-- Opening Marker --
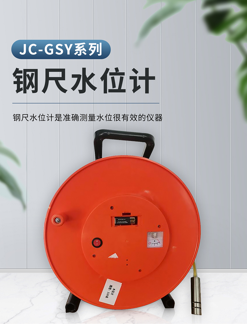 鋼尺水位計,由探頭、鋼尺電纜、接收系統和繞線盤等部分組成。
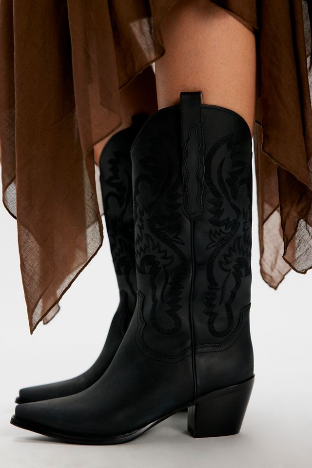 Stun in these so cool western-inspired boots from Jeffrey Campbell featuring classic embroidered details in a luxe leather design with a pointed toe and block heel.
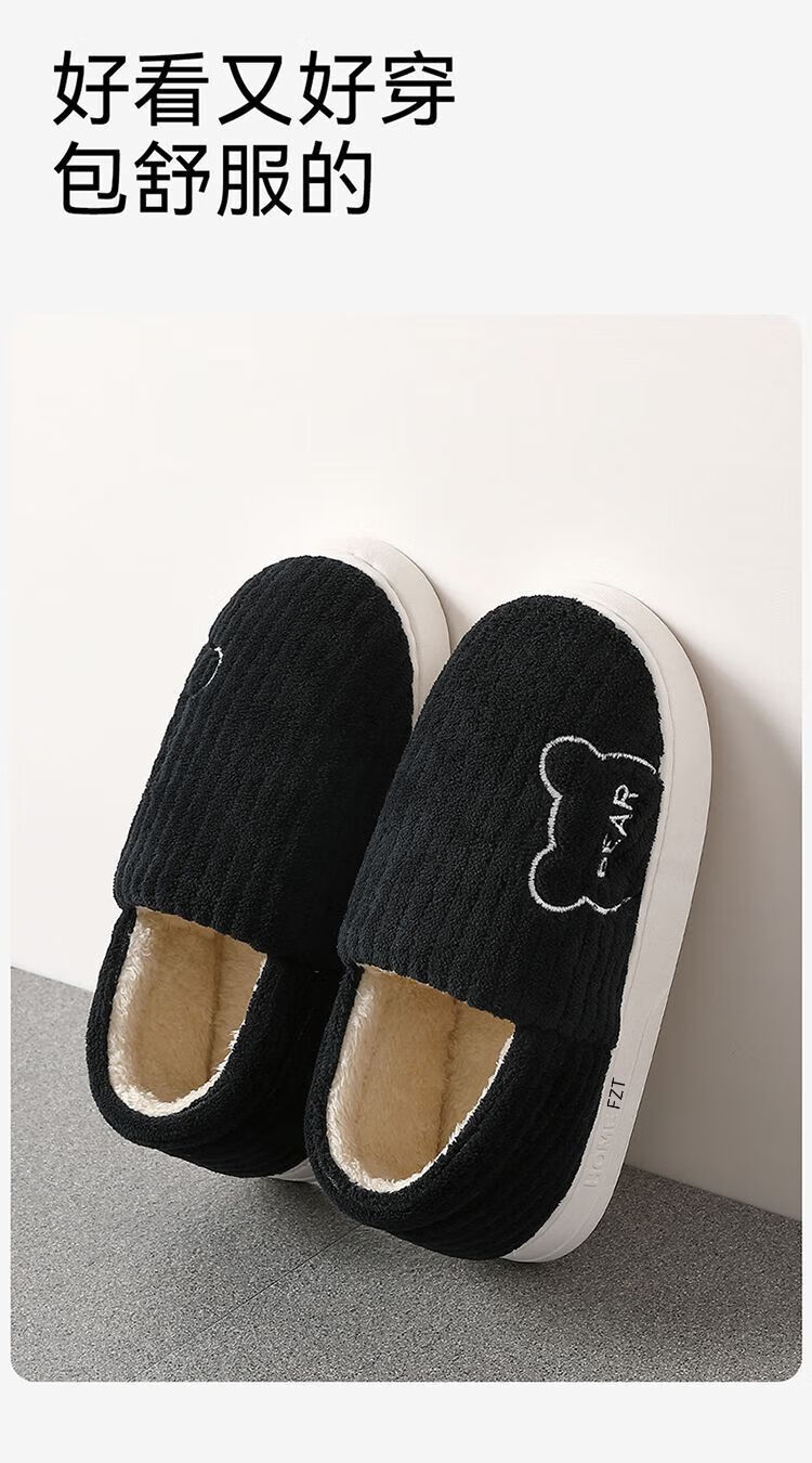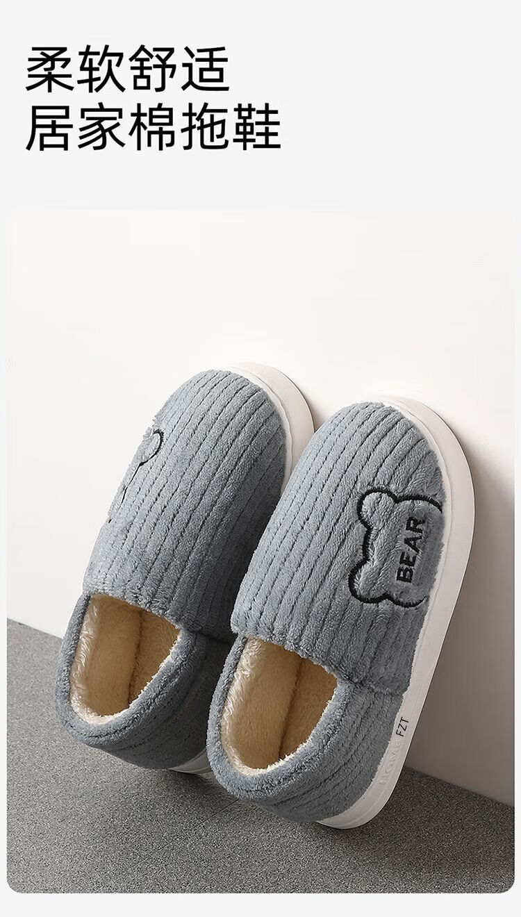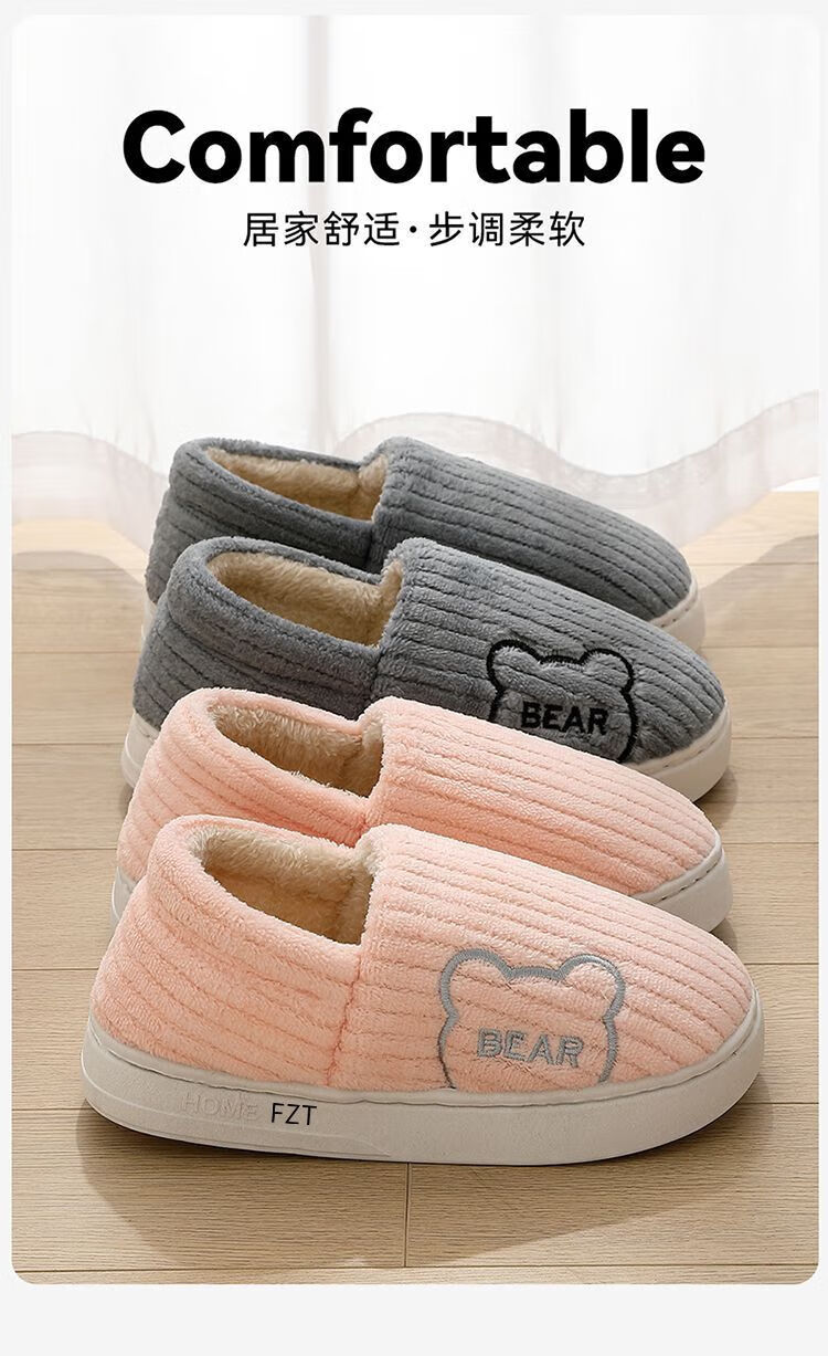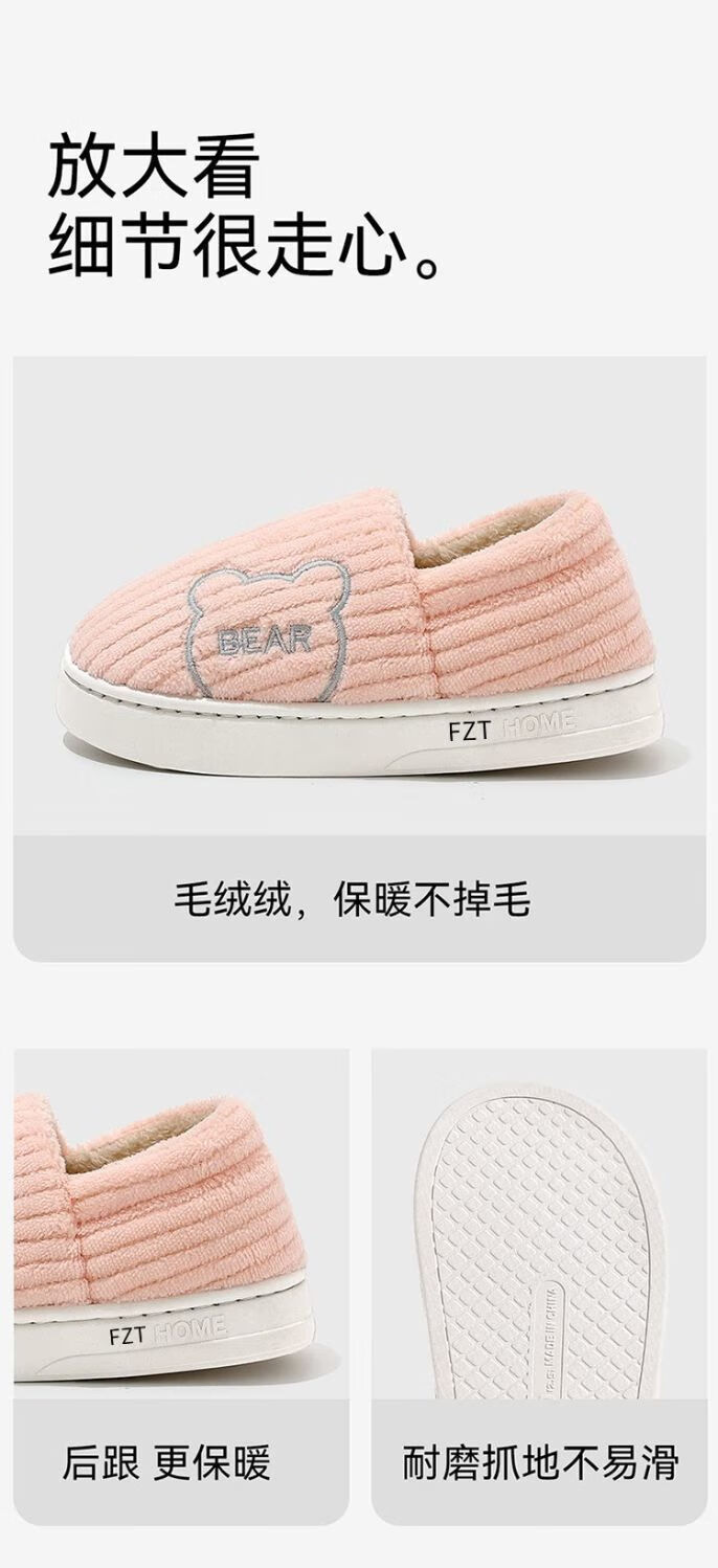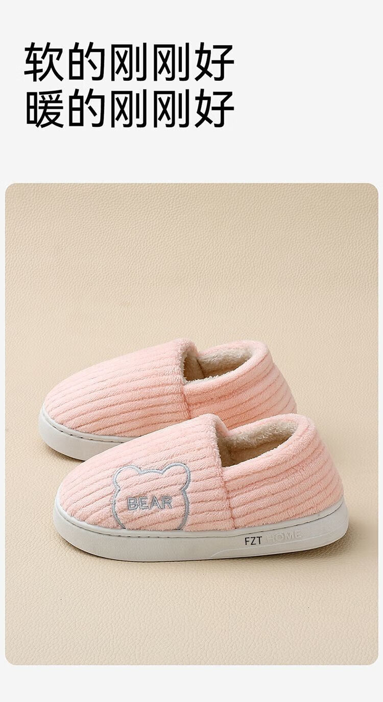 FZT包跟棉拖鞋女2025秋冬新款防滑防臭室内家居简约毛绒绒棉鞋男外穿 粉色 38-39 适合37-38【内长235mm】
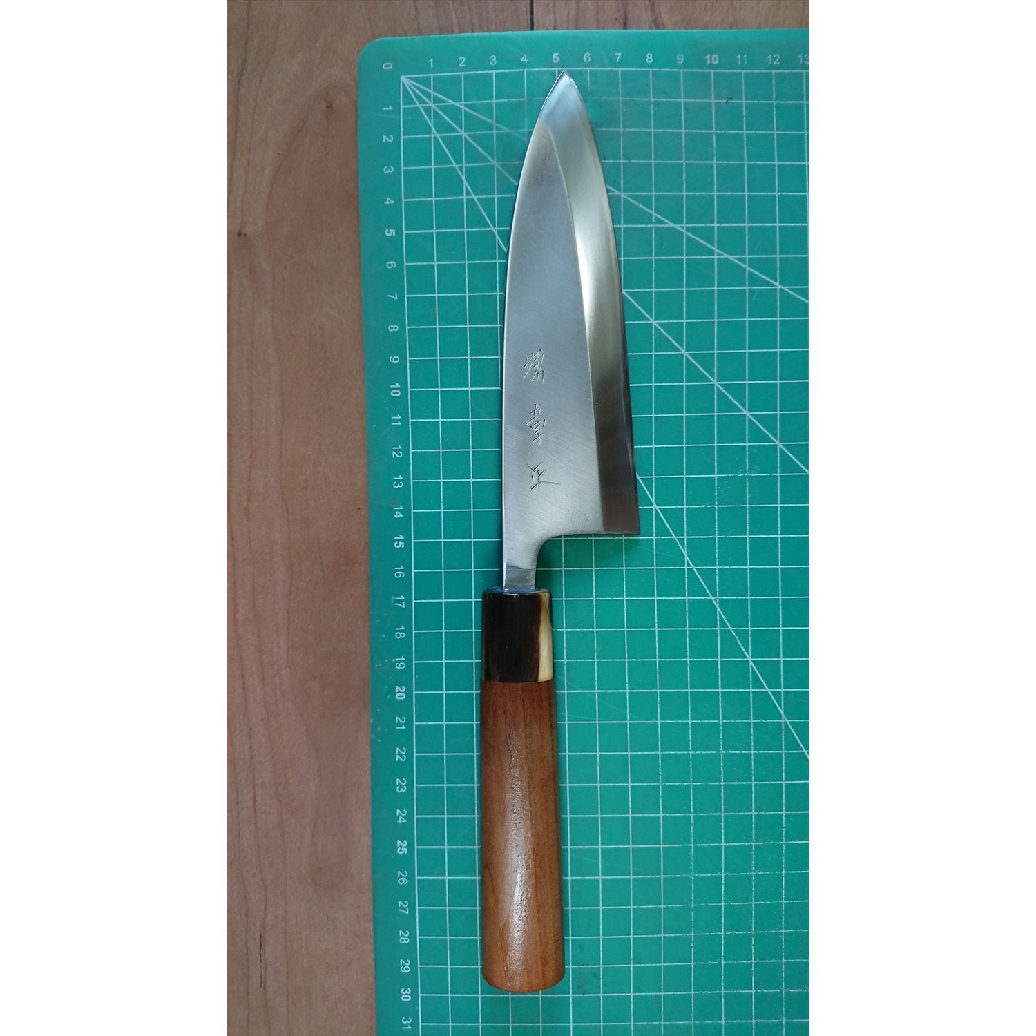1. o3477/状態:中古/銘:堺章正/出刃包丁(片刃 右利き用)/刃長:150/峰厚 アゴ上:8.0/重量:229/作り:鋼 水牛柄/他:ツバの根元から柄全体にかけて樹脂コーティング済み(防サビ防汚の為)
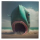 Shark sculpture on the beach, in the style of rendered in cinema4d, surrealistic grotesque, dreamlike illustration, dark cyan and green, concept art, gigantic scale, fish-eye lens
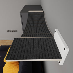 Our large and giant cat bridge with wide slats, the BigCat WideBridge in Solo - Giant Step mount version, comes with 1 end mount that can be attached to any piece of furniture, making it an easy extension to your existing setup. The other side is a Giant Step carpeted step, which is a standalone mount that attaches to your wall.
-- Closing Marker --
- [Exercise details]
The data above, line by line: transcribe it exactly and drop the pictures.

- [Output below]
 鋼尺水位計,由探頭、鋼尺電纜、接收系統和繞線盤等部分組成。
 Stun in these so cool western-inspired boots from Jeffrey Campbell featuring classic embroidered details in a luxe leather design with a pointed toe and block heel.
 FZT包跟棉拖鞋女2025秋冬新款防滑防臭室内家居简约毛绒绒棉鞋男外穿 粉色 38-39 适合37-38【内长235mm】
1. o3477/状態:中古/銘:堺章正/出刃包丁(片刃 右利き用)/刃長:150/峰厚 アゴ上:8.0/重量:229/作り:鋼 水牛柄/他:ツバの根元から柄全体にかけて樹脂コーティング済み(防サビ防汚の為)
 Shark sculpture on the beach, in the style of rendered in cinema4d, surrealistic grotesque, dreamlike illustration, dark cyan and green, concept art, gigantic scale, fish-eye lens
 Our large and giant cat bridge with wide slats, the BigCat WideBridge in Solo - Giant Step mount version, comes with 1 end mount that can be attached to any piece of furniture, making it an easy extension to your existing setup. The other side is a Giant Step carpeted step, which is a standalone mount that attaches to your wall.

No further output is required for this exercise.